Recognizing the history and scope of her work, Time Magazine named Kathleen among the “100 most influential people in the world” in 2010.

Dec 5, 2016 • 58min
Episode 207: Why Haven't Antitrust Laws Been Evoked in the Meat Industry?
This week on What Doesn't Kill You, host Katy Keiffer is joined by Christopher Leonard, a former national business reporter for the Associated Press and author of The Meat Racket: The Secret Takeover of America’s Food Business. His work has appeared in Fortune, Bloomberg, Businessweek, Slate, and The Wall Street Journal.

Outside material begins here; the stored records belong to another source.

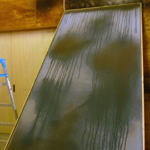 脚立の上から、酸化を促す液体がふんわり吹付けられ
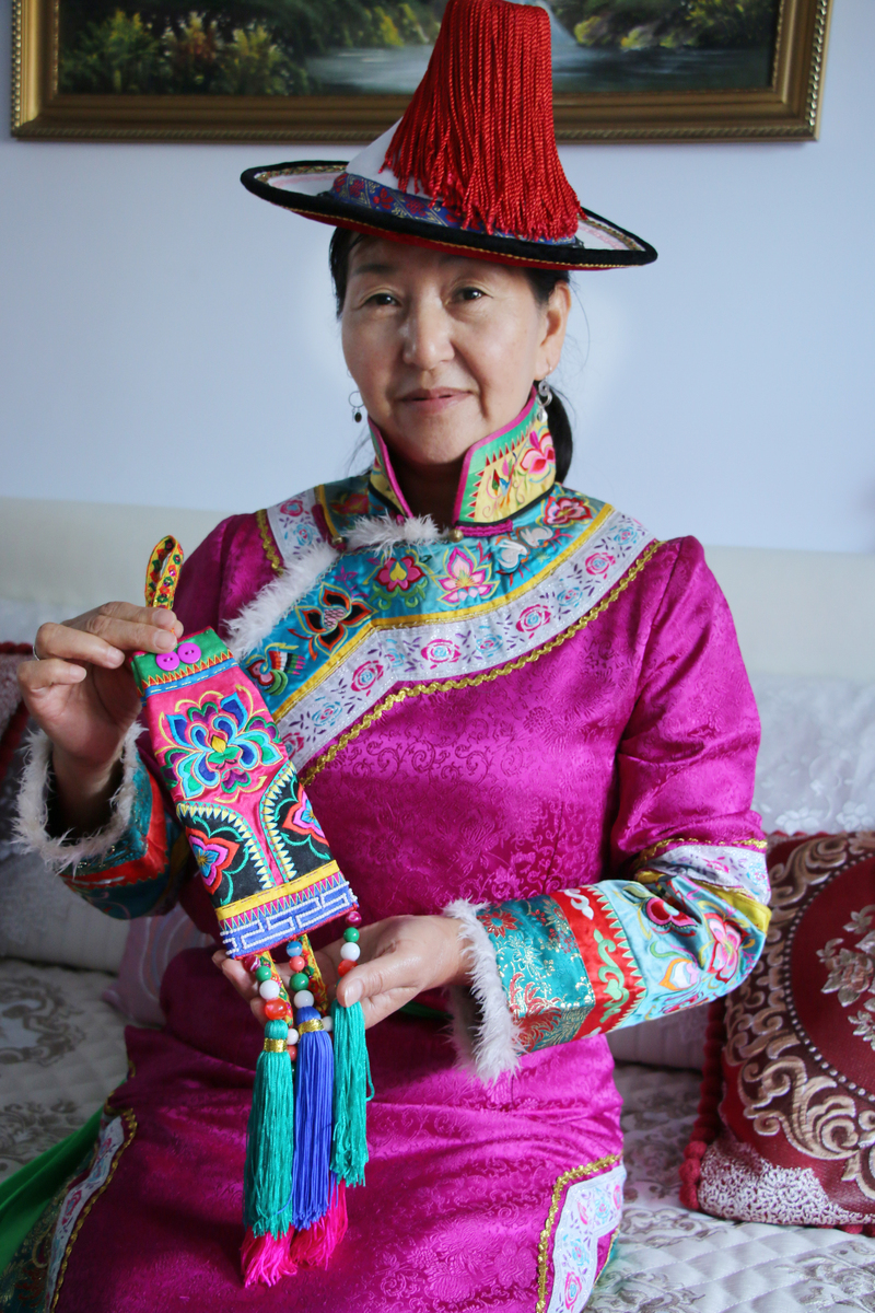 下午,调研团来到裕固族服饰省级传承人安玉芬老师家中分别与4位“非遗传承人”进行了深度访谈并拍摄了影像素材。调研团采取个别访谈的方法,分别与裕固族刺绣市级传承人安龙梅老师、裕固族服饰省级传承人安玉芬老师、安永琴老师以及裕固族原生态民歌市级传承人妥秀梅老师进行了访谈。传承人详细介绍了各自的非遗项目和传承经历,希望年轻人可以通过新的手段帮助他们做好宣传推广,并表示愿意无条件地为大学生的“非遗”文创活动提供帮助和支持。
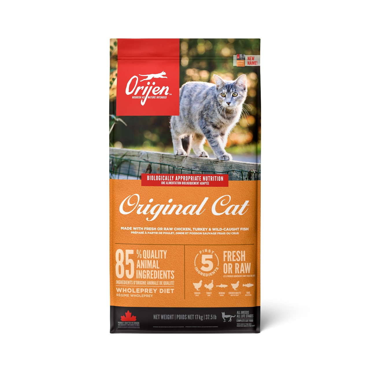 ORIJEN ORIGINAL CAT je kompletné krmivo pre dospelé mačky všetkých plemien. Obsahuje mäso z voľne chovaných kurčiat, moriek a voľne lovených rýb. Kvalitné živočíšne proteíny a omega 3 prispievajú k výbornej kondícii mačky. 85 % MASA . Krmivo je bezobilninové.
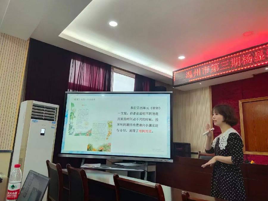来自永嘉县城西小学谢娇红老师,分享她对思维发展视角下的小学语文阅读教学的例谈。谢老师发现,新版课标将原来旧课标边缘提及的仅三四处的思维发展,隆重领到中心位。新解语文教材,以问题意识为例观教材整体推进,思维发展是整个小学阶段的事。以习作单元为例,察语文要素统整。以经典课文为例,看经典文章新编。以谢老师自己教授《麻雀》课例展开,写作秘密不乱不急不糊,感受活动巧设计。课外阅读引领,活动有趣支撑阅读,课外阅读是自发性的,有趣在前,带动在路上,思维发展才能落得扎实。
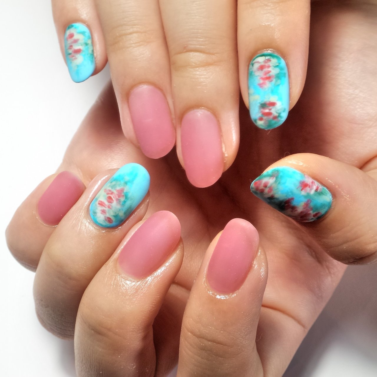 手描き絵画アートネイル 画家モネ「睡蓮」| 爪に優しいネイル 東京・代官山 恵比寿 | 代官山ネイルサロン アセトンを使わない 爪に優しい高技術フィルインサロン Milagro(ミラグロ)
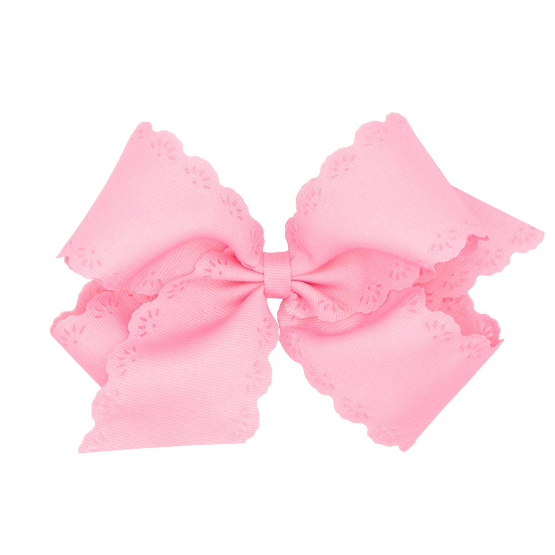 This small grosgrain bow with a delicate floral eyelet embossed edge adds a soft and pretty touch to any outfit. This bow is sure to stay in her hair all day with our patented WeeStay™ no-slip hair clip.
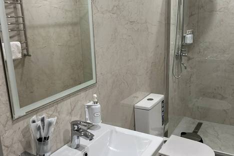 Индивидуальная ванная комната: душ, раковина, туалет.
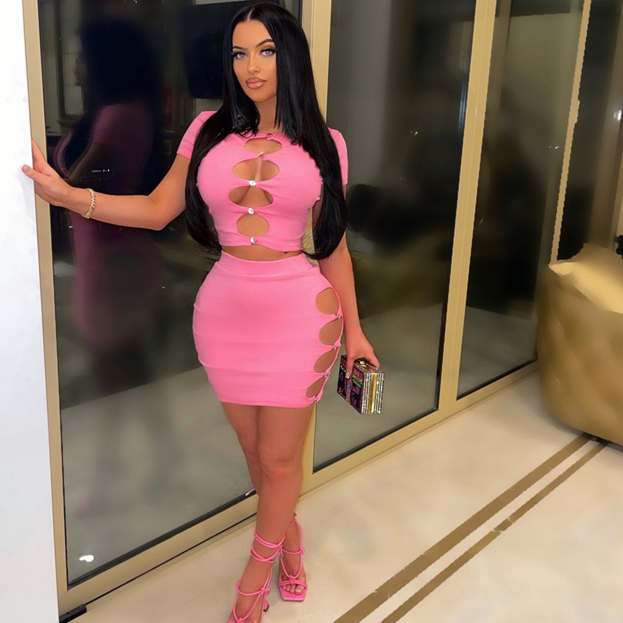送料無料 Mozision セクシーなツーピースセット女性 2022 夏ピンク中空アウト半袖 Tシャツとミニスカートスーツスカートセット ショート ハーフスリーブ サマー 夏物 AE121288842912870423 | 女性の為の通販サイト-fashion navi
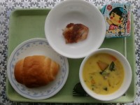黒パン ハンバーグ 青のり粉ふきいも ABCスープ 牛乳
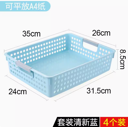 塑料篮筐A4收纳框文件篮 (蓝色/4个装)
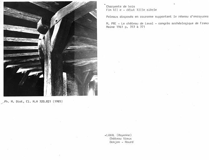Charpente du donjon, poteaux supportant un réseau d'enrayures
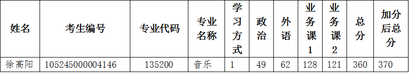 经审核,以下一志愿考生符合“农村义务教育阶段学校教师特设岗位计划”加分条件,初试总分加10分,加分后达到我院2025年硕士研究生音乐专业一志愿复试最低分数线,现纳入复试名单并予以公示:
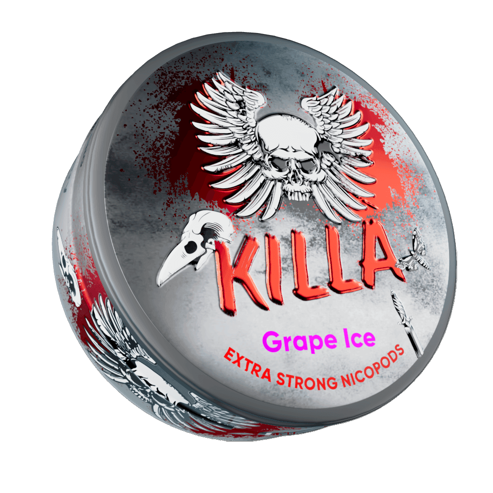 KILLA Grape Ice nicotine pouches deliver a refreshing fusion of sweet grape flavor and a cooling menthol sensation, providing a unique and invigorating experience. Designed for users seeking a robust nicotine hit, these tobacco-free pouches offer a discreet and convenient alternative to traditional nicotine products. The slim format ensures a comfortable fit under the lip, allowing for use anytime, anywhere. KILLA Grape Ice stands out for its distinctive taste and potent effect, making it a popular choice among nicotine pouch enthusiasts.
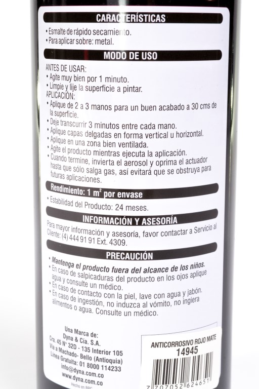 Pintura anticorrosiva en aerosol de acabado mate, resistente a la intemperie e inhibidora del óxido. Ideal para aplicar en superficies metálicas. Fácil aplicación y rápido secado. Rendimiento aproximado de 1m2 por envase. Alta adherencia y cubrimiento. Presentación de 400 ML. Referencia 14945 Pinte.
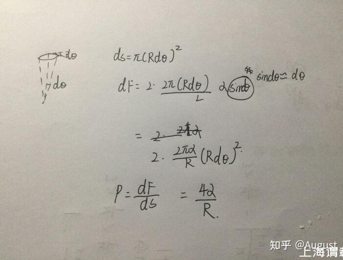 (在這里因為一個肥皂泡膜與兩個介值相接觸,所以膜的兩側各形成一個表面張力,由于肥皂泡厚度很小,所以這兩個表面張力近似相等)
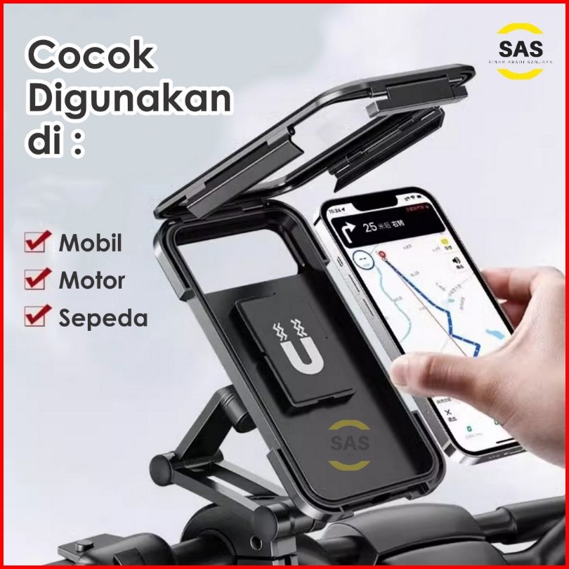 Sas Holder Hp Motor Waterproof Anti Air Kuat Kokoh Untuk Pemasangan Di Stang Motor Phone Holder Waterproof
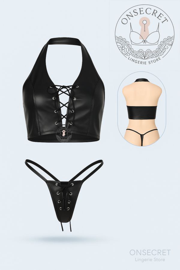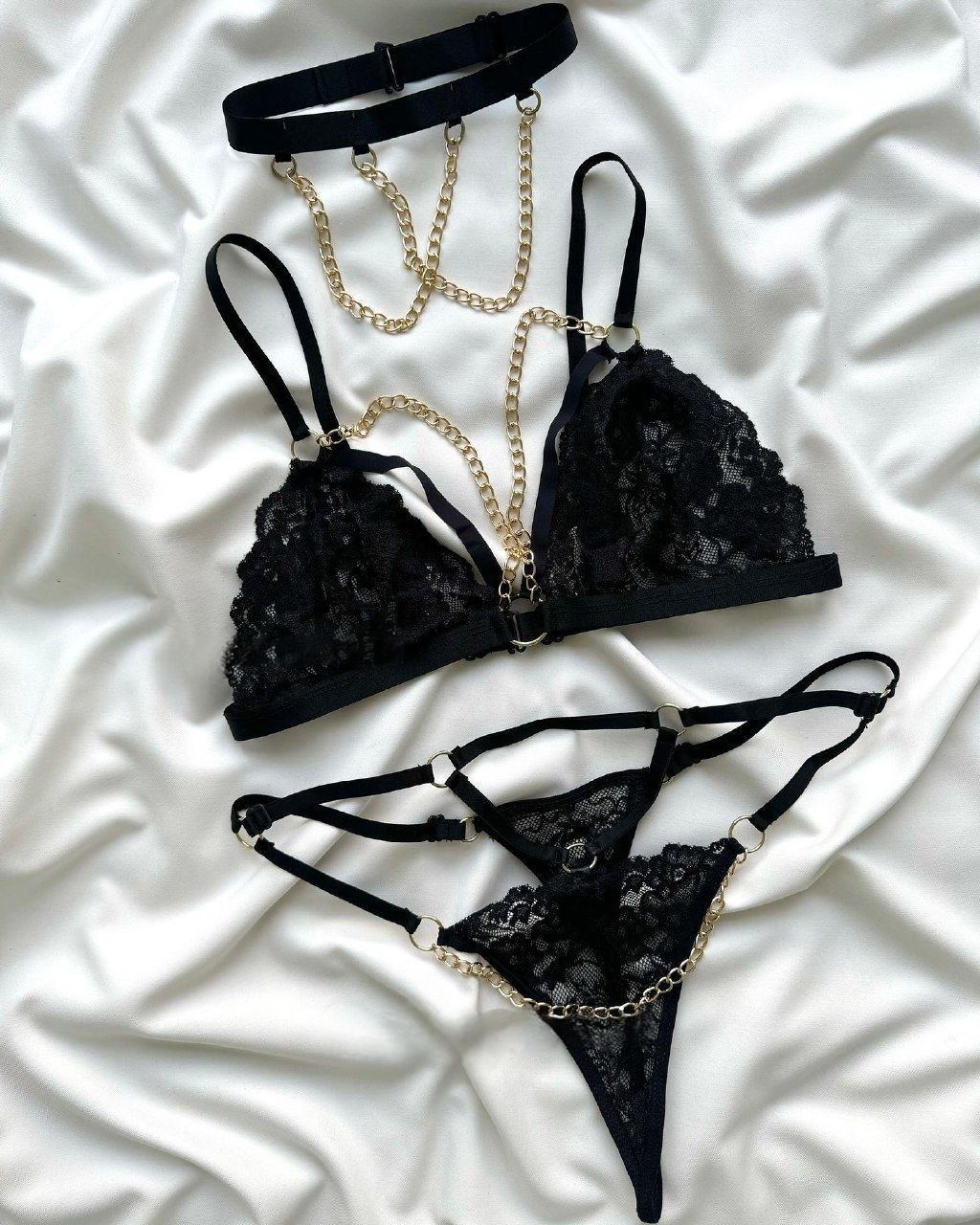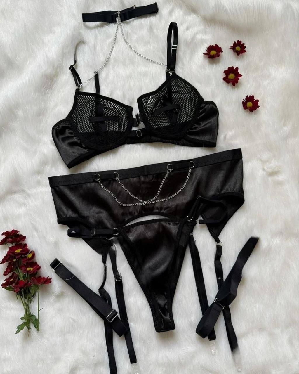ست لباس زیر زنانه سهتکه فانتزی زنجیردار کد ۹۰۲۵
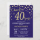 Invitación Sorpresa 40 años marina azul y dorado diamante
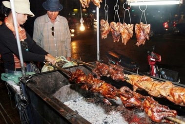 grill chickens on the roadside in capital Phnom Penh, Cambodia, Saturday,
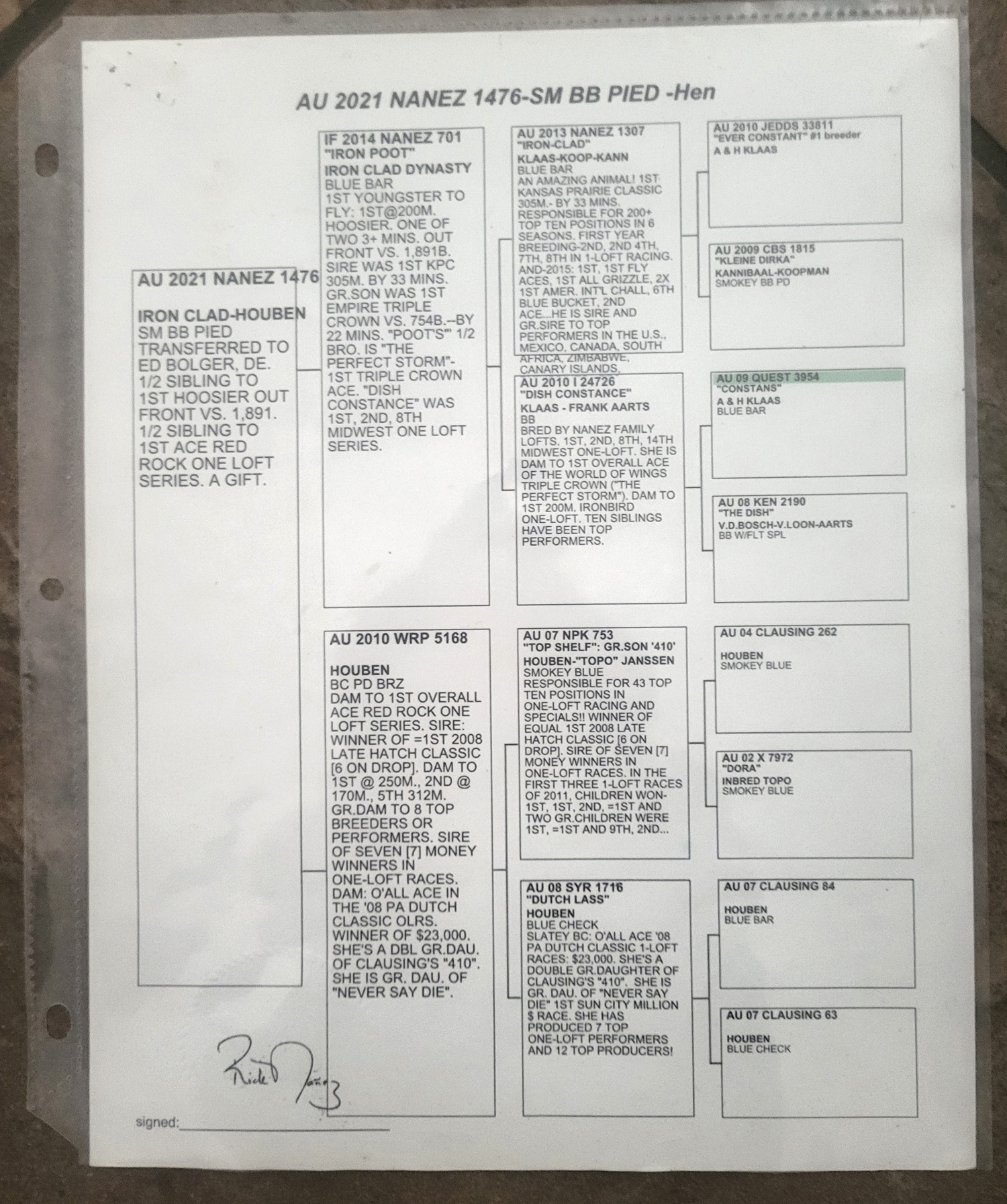 Mother: Direct from Rick Nanez Iron Clad Houben line, known for toughness, consistency, and long-distance stamina. Half-siblings include 1st HOOSIER Out-Front and 1st Ace Red Rock One Loft Series.
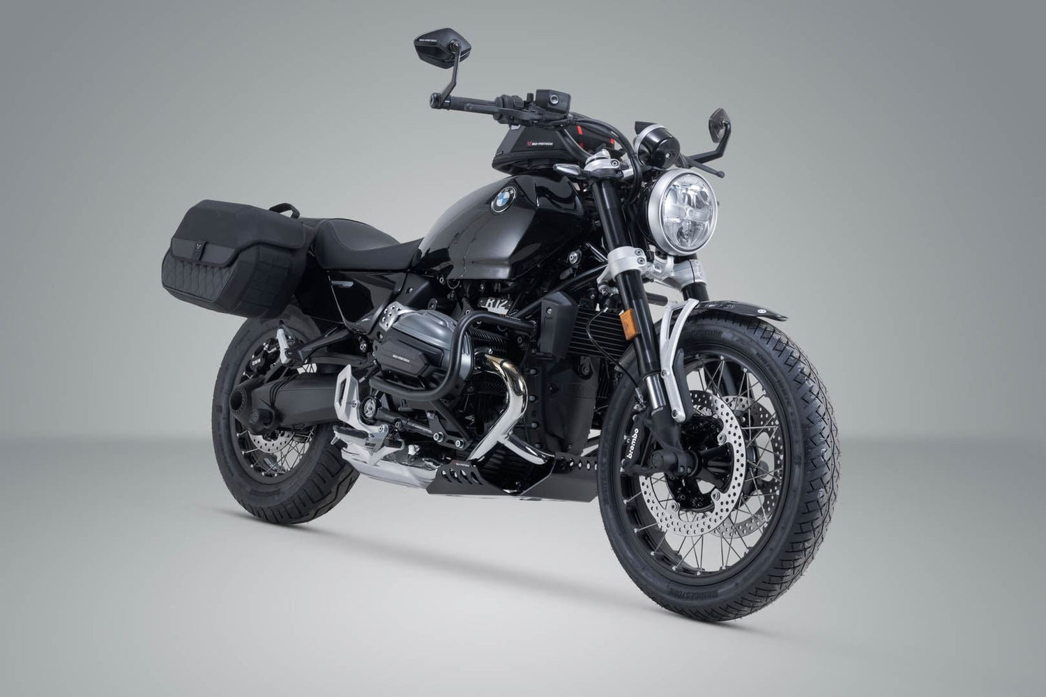 This LH side bag system was developed by SW-MOTECH specifically for the BMW R12. It consists of an LH1 on the right side and the matching carrier for the motorcycle. The size of the bag allows for an individual exhaust configuration.
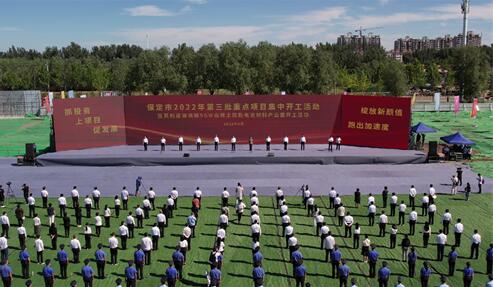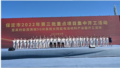 8月16日,英利能源舉行年產5GW高效N型太陽能電池材料產業園項目開工儀式。保定市委書記黨曉龍,市委副書記、市長閆繼紅等市領導;英利能源董事長尹緒龍、總經理熊景峰出席開工儀式。
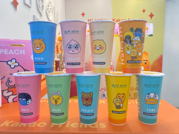 此次Mr.Wish聯名「Kakao Friends」,首推兩款限定飲品「芒果奶露」、「桃氣啵啵」,「芒果奶露」以萊恩造型罐,盛裝芒果肉+特製厚奶冰沙,果香與奶香完美融合,還有西米露增添口感,奶昔般滑順滋味超療癒!「桃氣啵啵」則以桃子造型罐,裝著超粉的蜜桃冰沙、蜜桃果丁,底層還有脆口的晶球啵啵,甜而不膩超適合夏天!
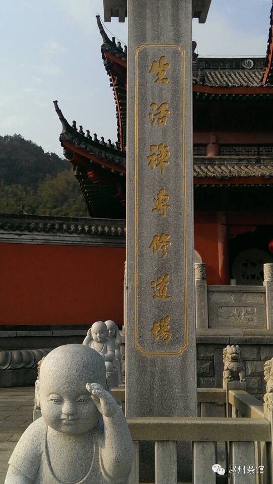大门前整齐地坐着几排可爱的小和尚石像,左右竖起两根华表,左边一根上书“生活禅专修道场”。生活禅是老和尚为契势契机而提出的一个口号和禅修方法,老和尚提倡“在生活中修行,在修行中生活”。禅宗讲“佛法在世间,不离世间觉”,佛法不在深山老林中修得的,大道就存在日常生活的一点一滴中,禅味就包含在每个人的一言一行中。
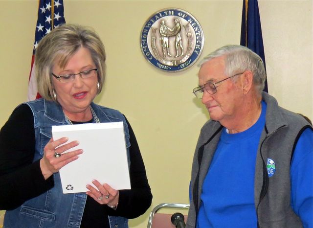 2014-12-10 - 275 Country Club Road, Columbia, KY - Photo by Ed Waggener. Always a favorite, crowd pleasing speaker at Fiscal Court Meetings, Adair County Solid Waste Coordinator A.L. Sinclair, who will leave office before the incoming administration comes in, was recognized for 13 years in his current position with great accomplishments to his credit. Sinclair told the court that at the onset of his career in solid waste, Adair County had 168 roadside dumps. Today, he said, that number is down to three. Click Readmore for detailed report of Adair Fiscal Court 9 Dec 2014 regular meeting
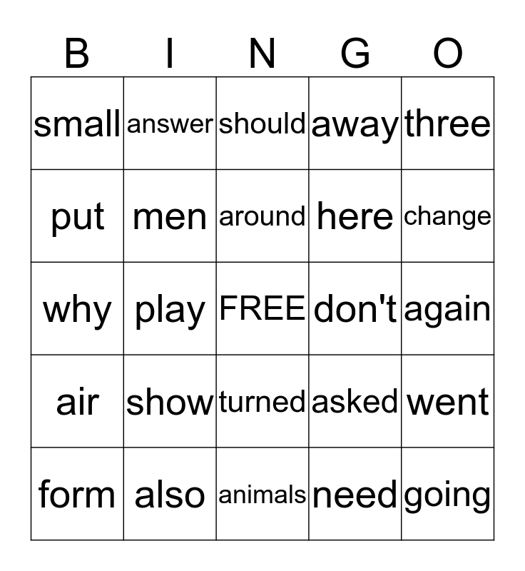 This bingo card has a free space and 24 words: show, also, around, form, three, small, put, answer, don't, turned, here, why, asked, went, men, need, again, should, change, play, going, air, away and animals.
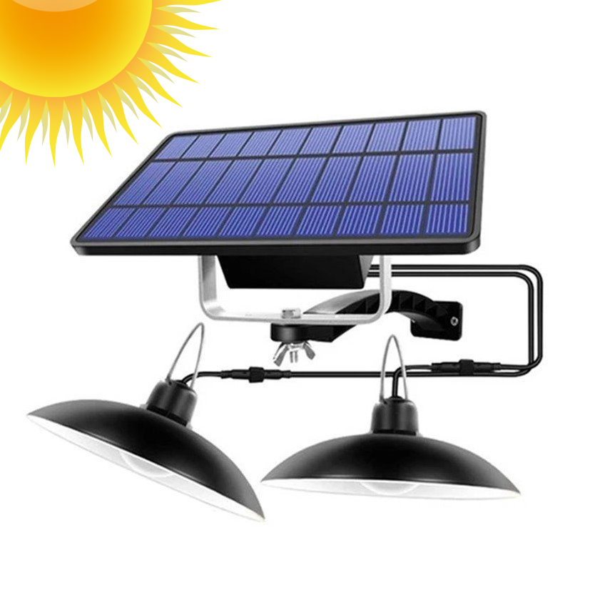 Διπλό ηλιακό φωτιστικό σε μαύρο χρώμα, που συγκεντρώνει και αποθηκεύει ηλιακή ενέργεια για τη λειτουργία του, ώστε να μη χρειάζεται να συνδεθεί σε παροχή ρεύματος.

He is a Schmidt Family Foundation fellow with The New America Foundation, a nonpartisan public policy institute in Washington, DC. He is currently writing his second book, a profile of Koch Industries.

Nov 28, 2016 • 54min
Episode 206: Biting the Hands that Feed Us with Baylen Linnekin
This week on What Doesn’t Kill You, host Katy Keiffer brings us an intriguing phone conversation with Baylen J. Linnekin, food lawyer and an adjunct professor at George Mason University Law School, where he developed and teaches Food Law & Policy. His new book, Biting the Hands that Feed Us, calls for less food regulations in our school lunch program, addressing four major areas where he believes government interference is getting in the way.

Nov 21, 2016 • 56min
Episode 205: Jonathan Gelbard and The Grasslands Alliance
This week on What Doesn't Kill You, host Katy Keiffer is joined by Jonathan Gelbard, lead scientist at Grasslands Alliance and conservation scientist and sustainable agriculture specialist at Conservation Value, which serves clients interested in developing and implementing programs that benefit our environment, climate and economy alike. In partnership with other conservation entities, Dr. Gelbard’s work for Grasslands Alliance and Conservation Value focuses devising innovative programs for distinguishing the livestock producers who demonstrate verifiably good ranch and farm management, and rewarding them with economically valuable benefits.